• _Source data_
+++

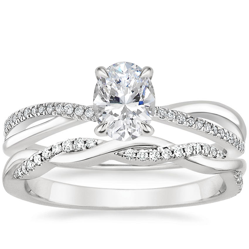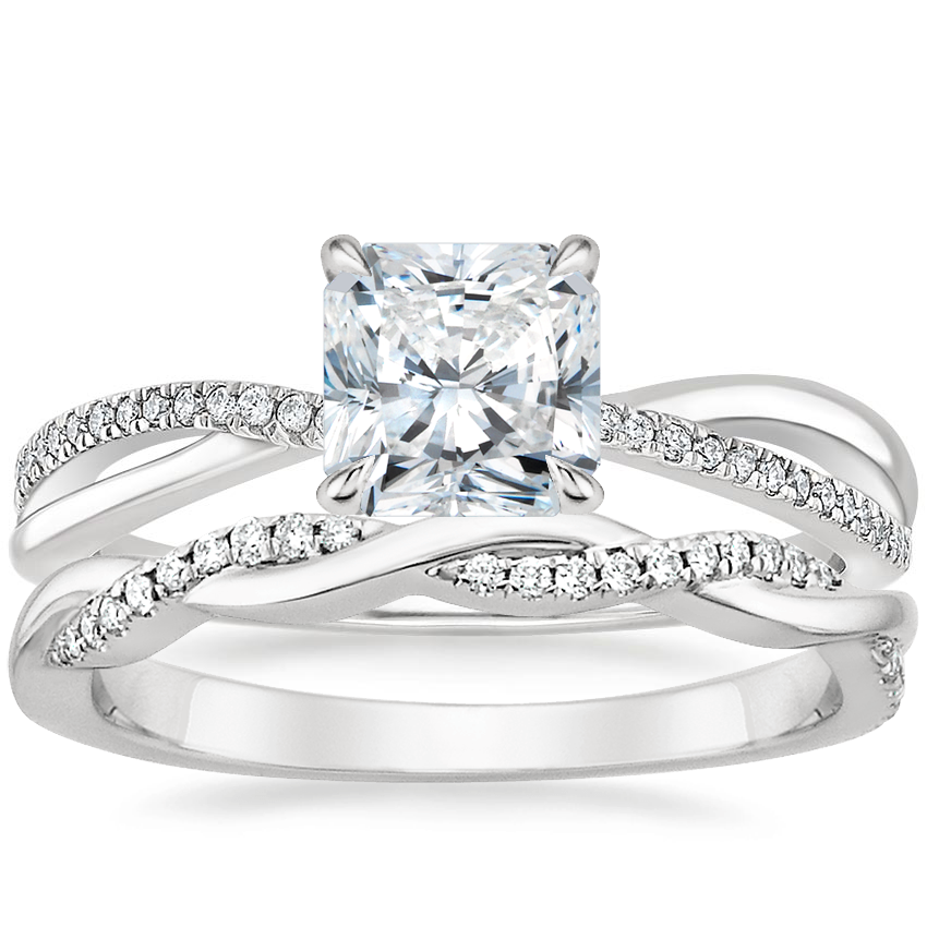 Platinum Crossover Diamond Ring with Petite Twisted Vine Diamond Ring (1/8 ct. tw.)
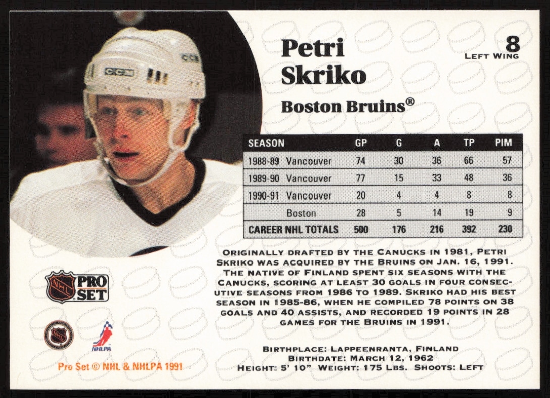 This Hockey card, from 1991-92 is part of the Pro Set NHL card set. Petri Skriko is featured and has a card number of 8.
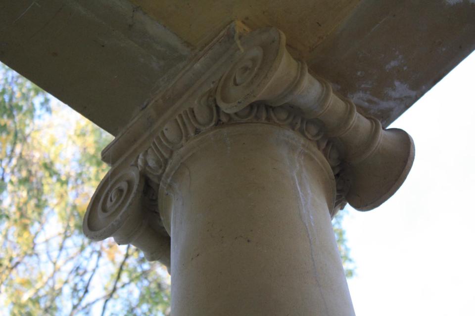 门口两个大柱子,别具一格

+++

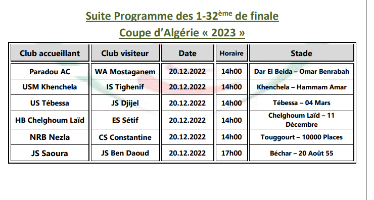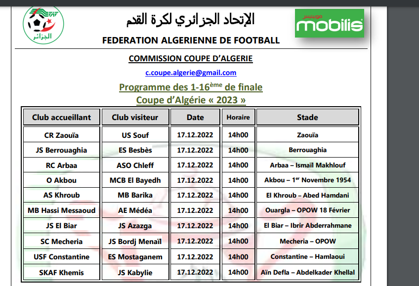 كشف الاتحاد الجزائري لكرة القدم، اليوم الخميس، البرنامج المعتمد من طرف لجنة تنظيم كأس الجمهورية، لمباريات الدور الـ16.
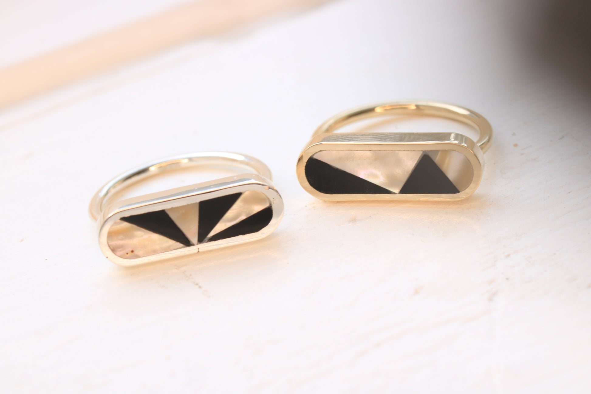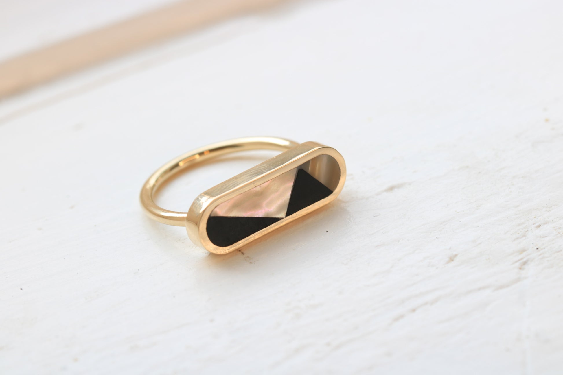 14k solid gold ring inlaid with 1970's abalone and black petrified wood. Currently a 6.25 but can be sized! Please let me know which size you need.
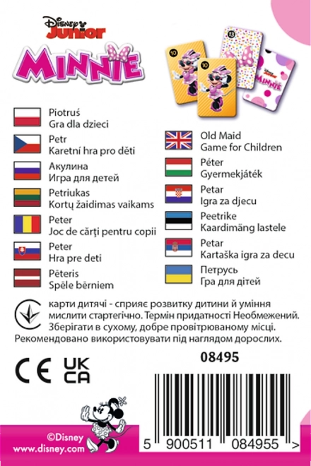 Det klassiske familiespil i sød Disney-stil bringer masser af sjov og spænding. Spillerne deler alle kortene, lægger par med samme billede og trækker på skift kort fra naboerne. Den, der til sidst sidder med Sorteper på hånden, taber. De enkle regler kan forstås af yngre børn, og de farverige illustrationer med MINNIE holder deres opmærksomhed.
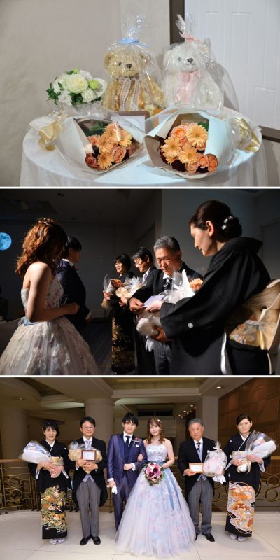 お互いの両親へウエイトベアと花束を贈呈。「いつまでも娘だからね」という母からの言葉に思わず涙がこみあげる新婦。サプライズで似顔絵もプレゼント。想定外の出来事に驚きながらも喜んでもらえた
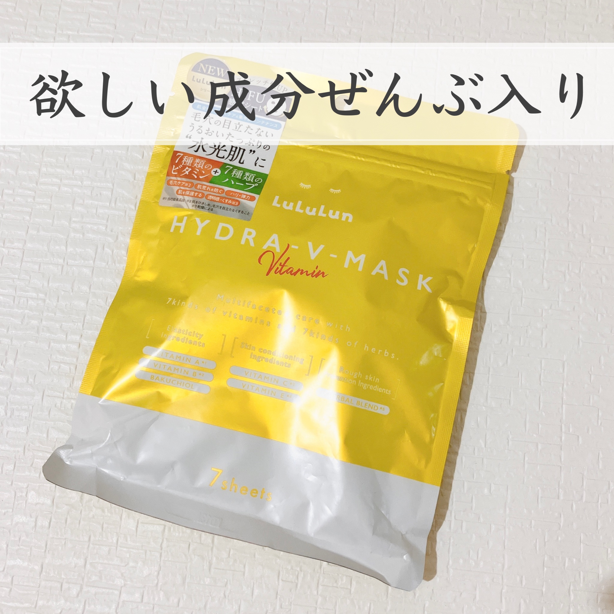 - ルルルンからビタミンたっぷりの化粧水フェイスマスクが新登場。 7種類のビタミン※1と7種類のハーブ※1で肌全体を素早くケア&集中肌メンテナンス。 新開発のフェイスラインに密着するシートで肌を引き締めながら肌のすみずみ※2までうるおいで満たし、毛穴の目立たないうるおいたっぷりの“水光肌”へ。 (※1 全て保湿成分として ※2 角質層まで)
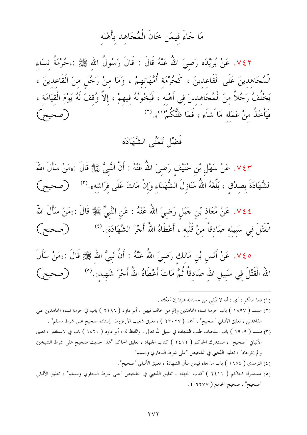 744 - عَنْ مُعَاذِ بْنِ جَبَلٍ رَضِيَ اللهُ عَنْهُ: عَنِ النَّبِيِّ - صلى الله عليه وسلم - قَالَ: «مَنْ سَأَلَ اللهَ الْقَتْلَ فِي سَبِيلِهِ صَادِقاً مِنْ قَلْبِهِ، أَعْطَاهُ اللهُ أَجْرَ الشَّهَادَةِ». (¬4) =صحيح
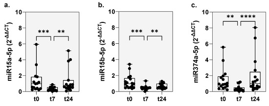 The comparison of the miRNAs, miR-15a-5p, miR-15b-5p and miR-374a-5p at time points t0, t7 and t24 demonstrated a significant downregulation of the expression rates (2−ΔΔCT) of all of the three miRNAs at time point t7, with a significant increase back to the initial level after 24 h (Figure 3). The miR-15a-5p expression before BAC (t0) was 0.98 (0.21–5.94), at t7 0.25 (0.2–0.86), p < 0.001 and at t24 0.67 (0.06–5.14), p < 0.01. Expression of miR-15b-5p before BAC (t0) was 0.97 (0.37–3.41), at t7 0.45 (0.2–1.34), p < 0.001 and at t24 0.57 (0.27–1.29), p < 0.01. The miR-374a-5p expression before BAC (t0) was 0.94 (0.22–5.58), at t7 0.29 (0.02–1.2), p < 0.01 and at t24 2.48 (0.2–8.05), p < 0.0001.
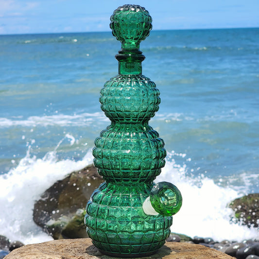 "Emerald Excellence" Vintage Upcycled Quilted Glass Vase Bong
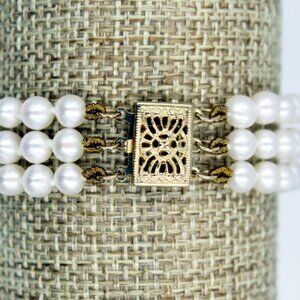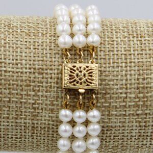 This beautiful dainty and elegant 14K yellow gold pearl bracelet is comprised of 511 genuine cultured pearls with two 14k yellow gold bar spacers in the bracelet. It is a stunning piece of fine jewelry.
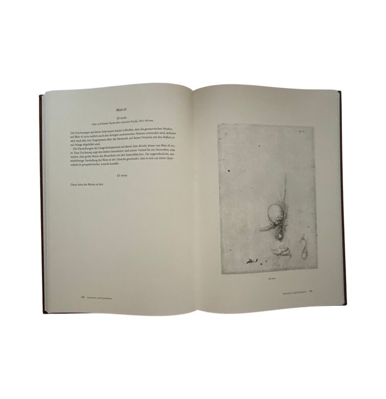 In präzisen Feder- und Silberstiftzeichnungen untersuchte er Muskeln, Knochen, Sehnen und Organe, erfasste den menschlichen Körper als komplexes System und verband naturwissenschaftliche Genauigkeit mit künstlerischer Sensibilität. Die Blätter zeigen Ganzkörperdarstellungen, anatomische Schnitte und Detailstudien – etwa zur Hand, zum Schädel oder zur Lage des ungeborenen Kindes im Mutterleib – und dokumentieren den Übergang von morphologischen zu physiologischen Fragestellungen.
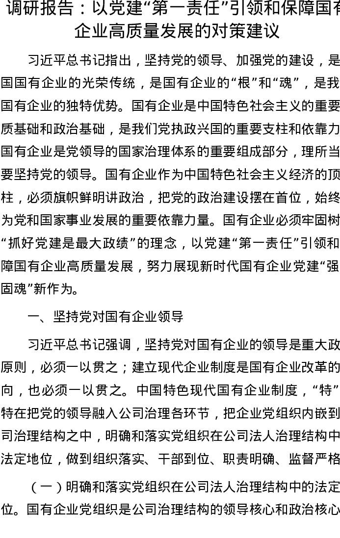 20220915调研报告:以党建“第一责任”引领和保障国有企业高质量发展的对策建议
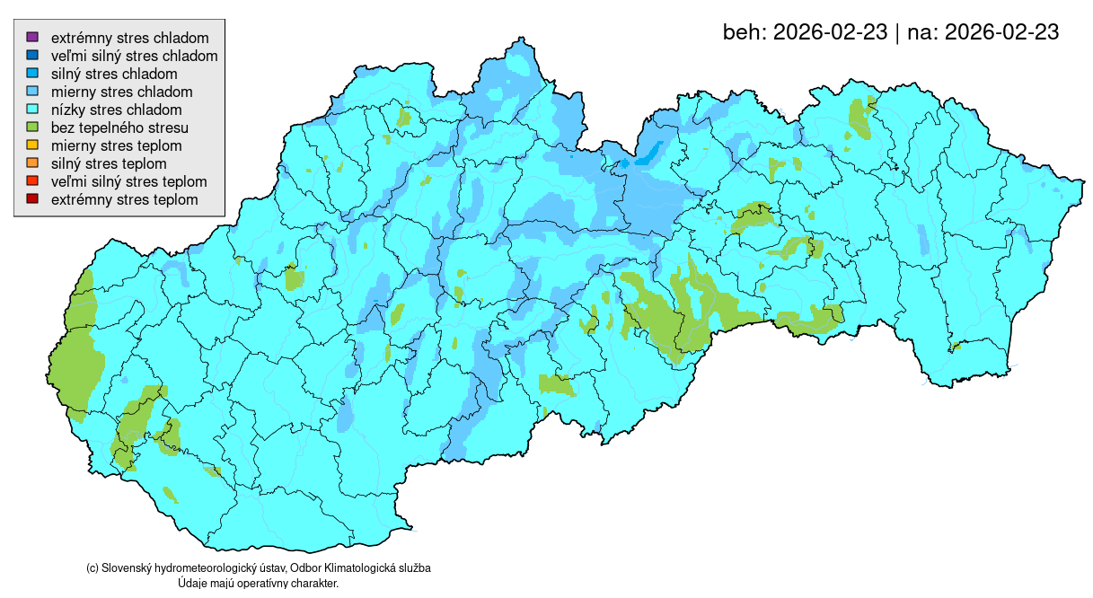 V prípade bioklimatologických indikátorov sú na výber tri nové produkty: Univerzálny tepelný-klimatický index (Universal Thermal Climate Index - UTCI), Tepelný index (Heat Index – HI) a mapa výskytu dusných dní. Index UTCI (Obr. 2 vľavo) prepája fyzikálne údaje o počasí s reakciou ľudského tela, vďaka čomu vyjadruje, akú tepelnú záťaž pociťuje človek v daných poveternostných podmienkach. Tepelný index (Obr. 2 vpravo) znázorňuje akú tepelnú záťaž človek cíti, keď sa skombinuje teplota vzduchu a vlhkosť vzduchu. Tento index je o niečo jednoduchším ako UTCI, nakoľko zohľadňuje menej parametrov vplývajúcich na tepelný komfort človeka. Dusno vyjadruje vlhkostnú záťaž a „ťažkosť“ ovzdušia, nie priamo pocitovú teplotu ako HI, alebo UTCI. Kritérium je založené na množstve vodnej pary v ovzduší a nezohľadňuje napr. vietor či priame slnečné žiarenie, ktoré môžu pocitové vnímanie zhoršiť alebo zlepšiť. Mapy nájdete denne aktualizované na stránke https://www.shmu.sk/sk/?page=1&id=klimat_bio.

+++

• _What to do_
Look back at the data above, then output exactly the lines from the line holding "Platinum Crossover Diamond" up to and including the line holding "门口两个大柱子,别具一格". Leave out the pictures.

• _Response to the task_
 Platinum Crossover Diamond Ring with Petite Twisted Vine Diamond Ring (1/8 ct. tw.)
 This Hockey card, from 1991-92 is part of the Pro Set NHL card set. Petri Skriko is featured and has a card number of 8.
 门口两个大柱子,别具一格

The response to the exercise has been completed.